Government controlled 401k
I continue to read more and more on proposals on Gov't takeover of 401ks. 70% income replacement with the plan. Nearly 0 expense. 100% worker coverage vs 43%. 5% of annual pay into the acct every year + 600$ from Govt. Guaranteed annual return of 3% above inflation. Considering a large portion of my big tickets are obviously 401k rollovers, this concerns the shit out of me. I guess I could sell more insurance....what is everyones opinion on this?
Eff that. Go to Mexico...better food, better weather, and you can say, "Heyyy Barbie" when girls walk by.
Move to Canada if it happens.
You are hearing about
"A plan by Teresa Ghilarducci, professor of economic-policy analysis at the New School for Social Research in New York,contains elements that are being considered. She testified last week before Miller’s Education and Labor Committee onher proposal.
At that hearing, the director of the Congressional Budget Office, Peter Orszag, testified that some $2 trillion in retirement savings has been lost over the past 15 months.
Under Ghilarducci’s plan, all workers would receive a $600 annual inflation-adjusted subsidy from the U.S. government but would be required to invest 5 percent of their pay into a guaranteed retirement account administered by the Social Security Administration. The money in turn would be invested in special government bonds that would pay 3 percent a year, adjusted for inflation.
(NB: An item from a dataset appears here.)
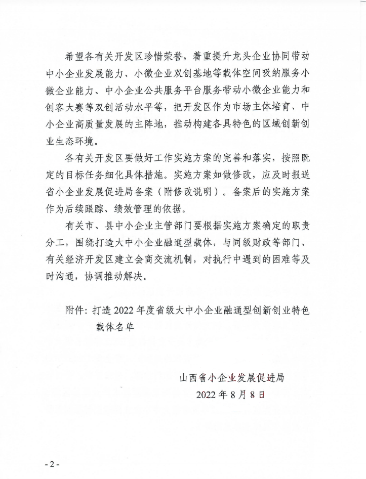 关于公布打造2022年度省级中小企业融通型创新创业特色载体名单的通知
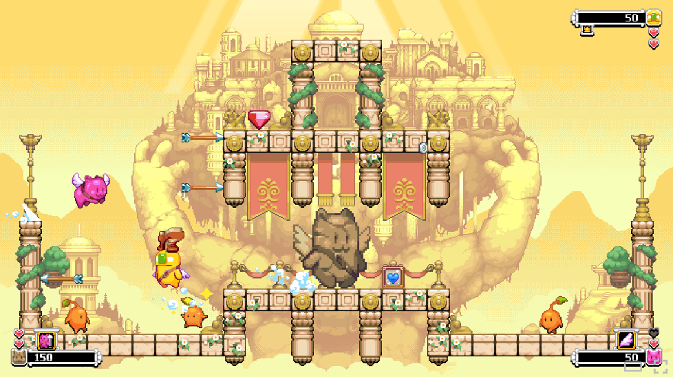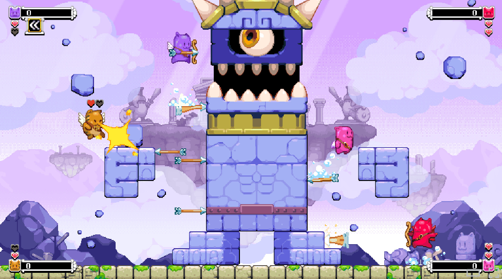 这是一款街机风平台跳跃射击游戏,你将化身天使猫猫,拿起弓箭守护家园。

The current system of providing tax breaks on 401(k) contributions and earnings would be eliminated"
See the full article at http://www.workforce.com/section/00/article/25/83/58_printer.php
Looks a lot like the Chilean plan allowing for govt administration of a DC plan. But not as attractive or as innovative.
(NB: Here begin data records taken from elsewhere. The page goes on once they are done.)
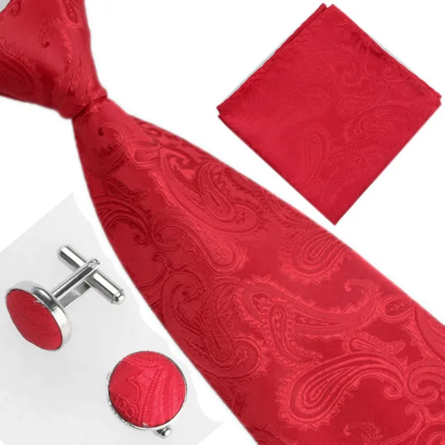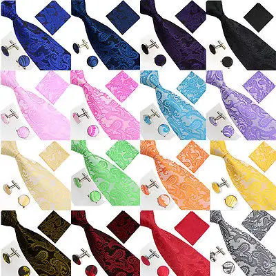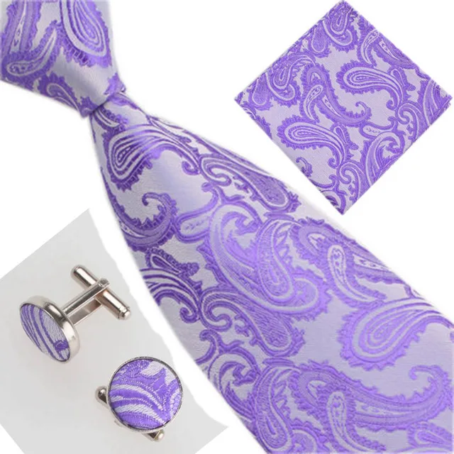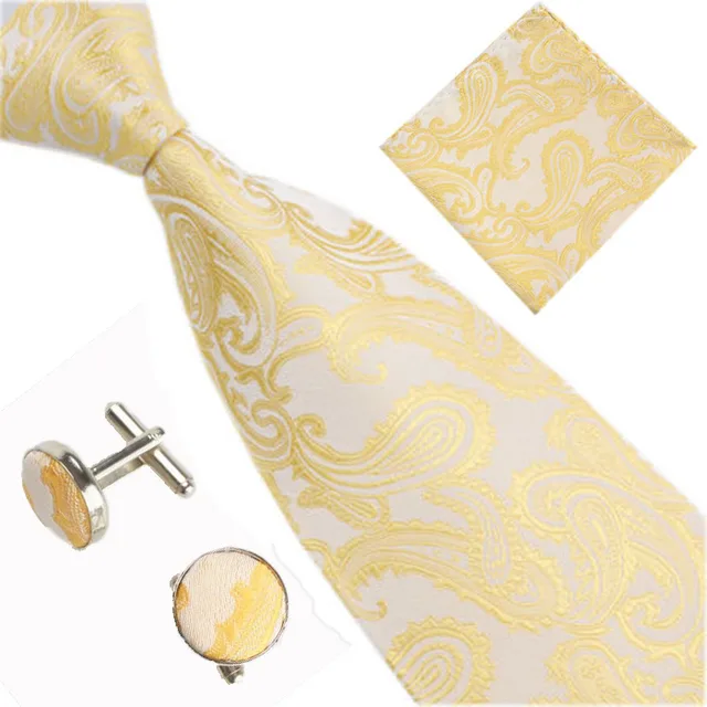 | [해외]남성 넥타이 노란색 페이즐리 실크 자카드 넥타이 손수건 커프스 세트 남성 비즈니스 선물 넥타이 드롭 배송 |
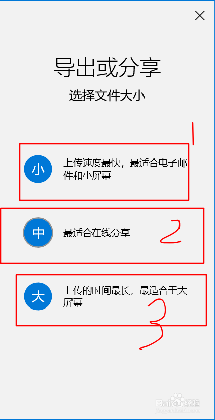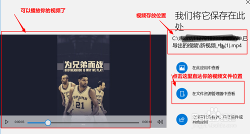 有年夜中小三种体例导出,看你需要。之后视频就导出来了,如下图。你可以进行视频浏览,也可以看到你建造的视频的位置在哪里。
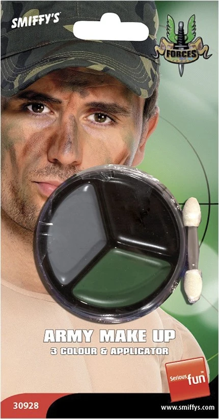 Ga je als soldaat verkleed? Dan kan een goede camouflage niet ontbreken! Dit setje heeft de belangrijkste drie kleuren die een soldaat nodig heeft om zich te camoufleren.

IMHO, never happen. No one actually thinks 600 bucks and a 3% return is a good deal. Except for people who work at places with the the words “Social Research” in the name.
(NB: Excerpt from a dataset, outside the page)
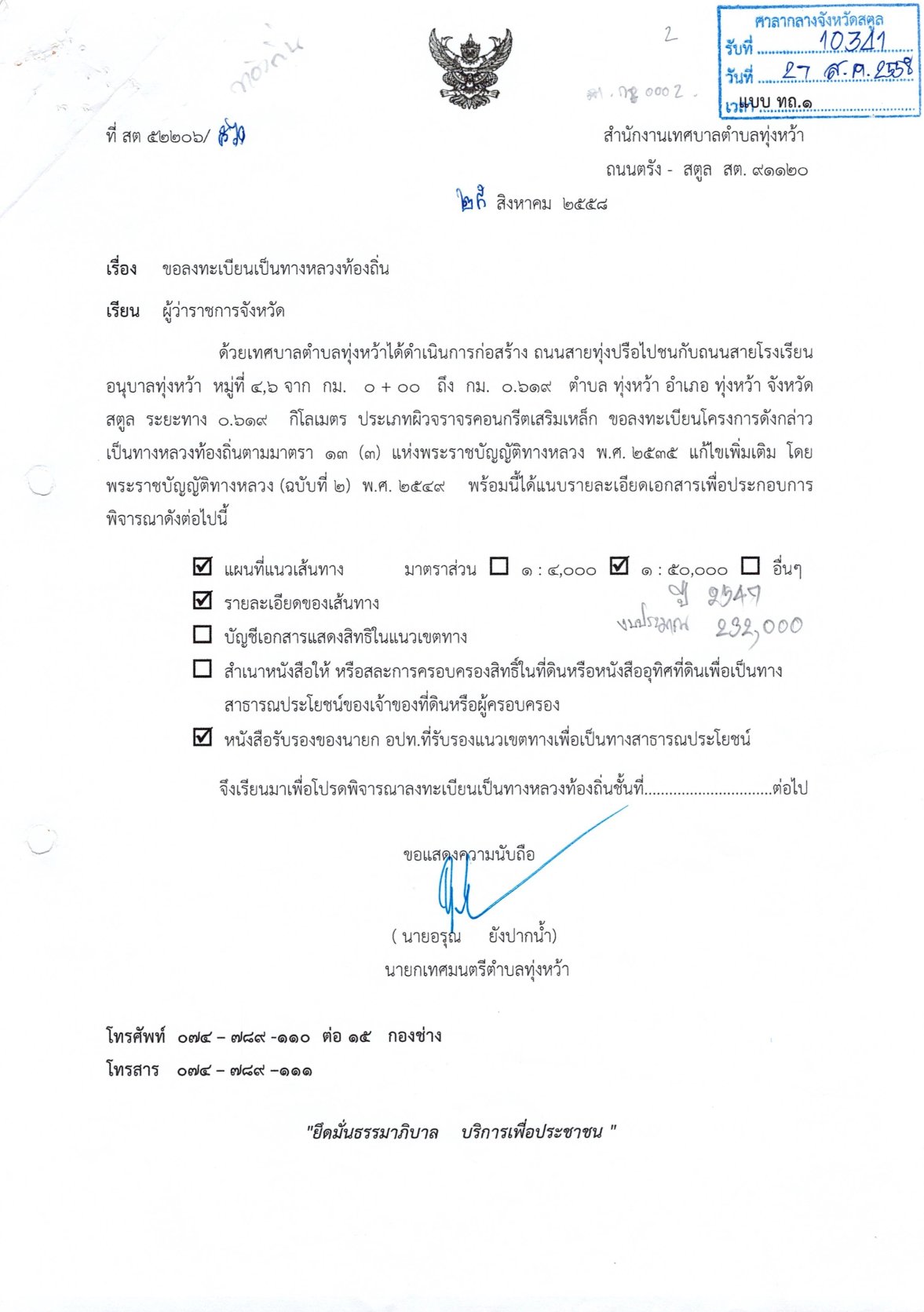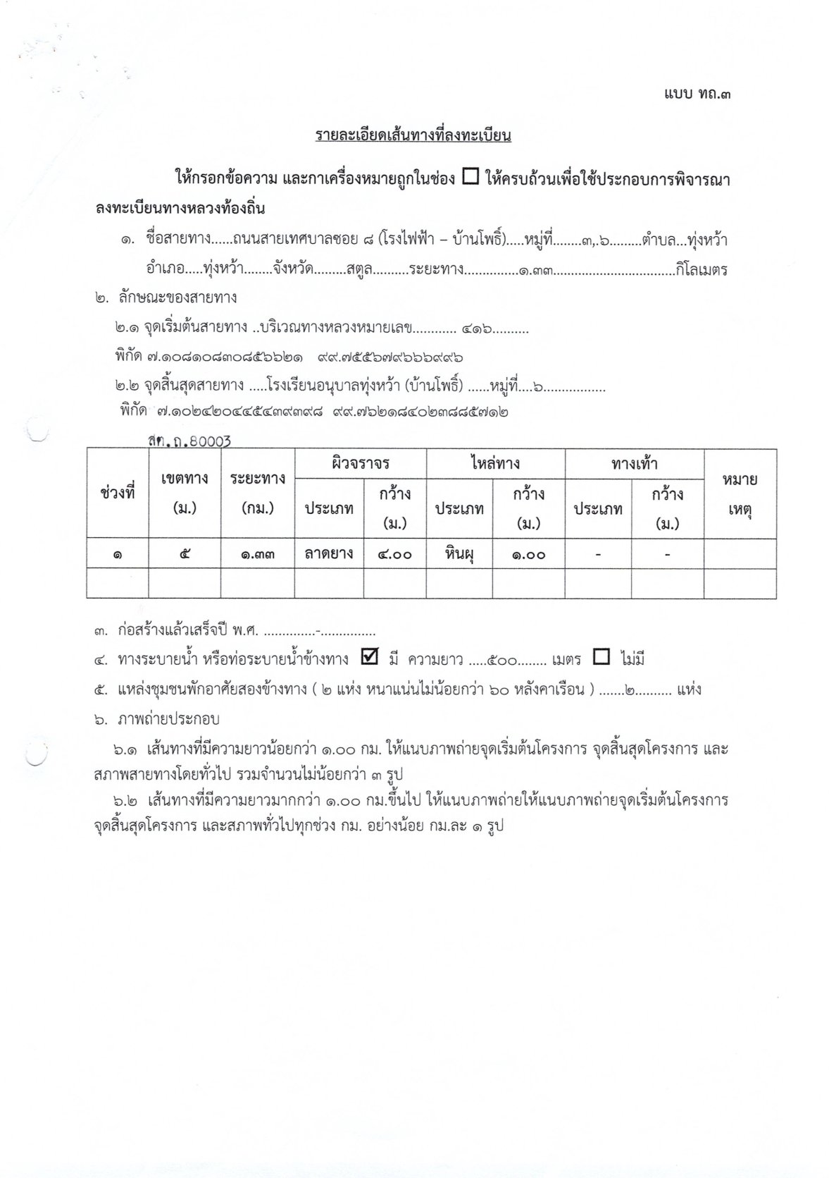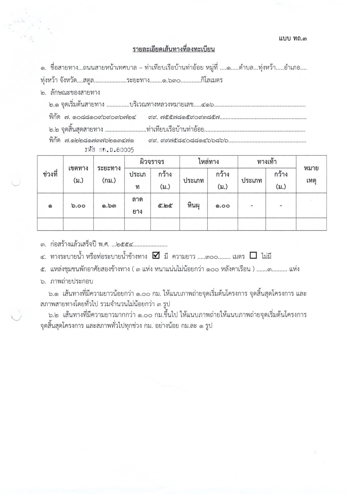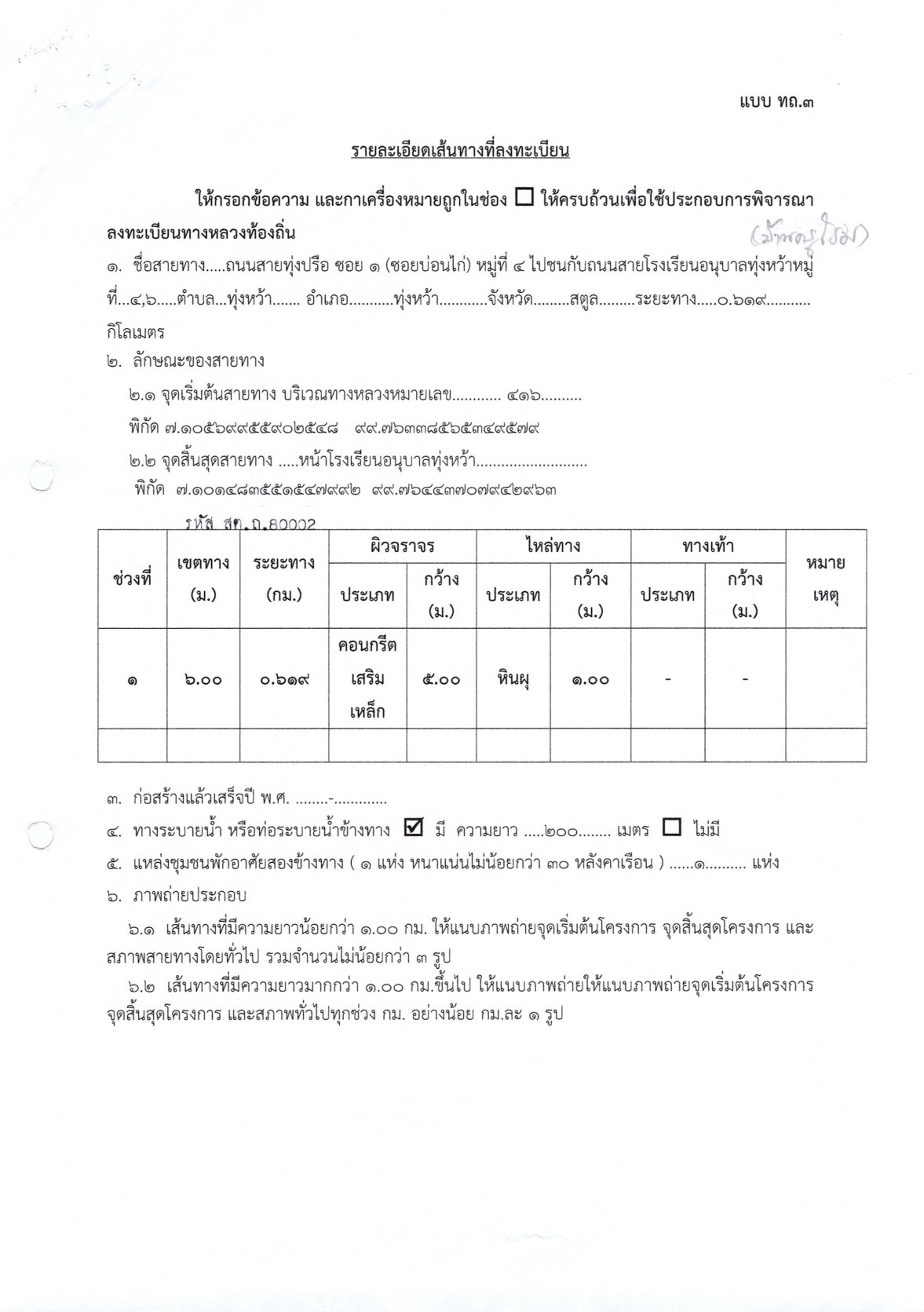 ทะเบียนทางหลวงท้องถิ่นเทศบาลตำบลทุ่งหว้า

Besides if Social Security is the third rail of politics, see what happens if politicians actually try to take real money away.
But Joseph, if they start throwing around guarantees…with growth…and inflation protection vs giving money to the greedy bad advisor who has lost your acct 30%…hmmm…in times like these…people…will make emotional, not rational decisions. I hate the EIA’s, but the clients who’ve transferred to me with them are looking pretty damn smart right now.
I posted about this a few days ago:
Just had a client call up in a panic (she had been listening to Rush
Limbaugh, so no surprise). She told us the government was taking
people’s 401ks and that she needed to meet immediately (note: client
has an IRA only) to see what she could do to protect herself.
Anyway…you can imagine the rest of the conversation…
More importantly, I found some links to the actual source of these “rumors” or suggestions
Teresa Ghilarducci’s Shared Prosperity site (talks about why 401ks are
broken, and an alternative, known as the Guaranteed Retirement Account,
2) The actual testimony of her suggestions to the Committee of Education and Labor:
Also, just so everyone knows, no legislative proposals have been introduced on this issue. Congress
is out of session until next year. Of the five people who testified
before the committee on October 7th, only Professor Ghilarducci
proposed a detailed solution instead of general policy advice.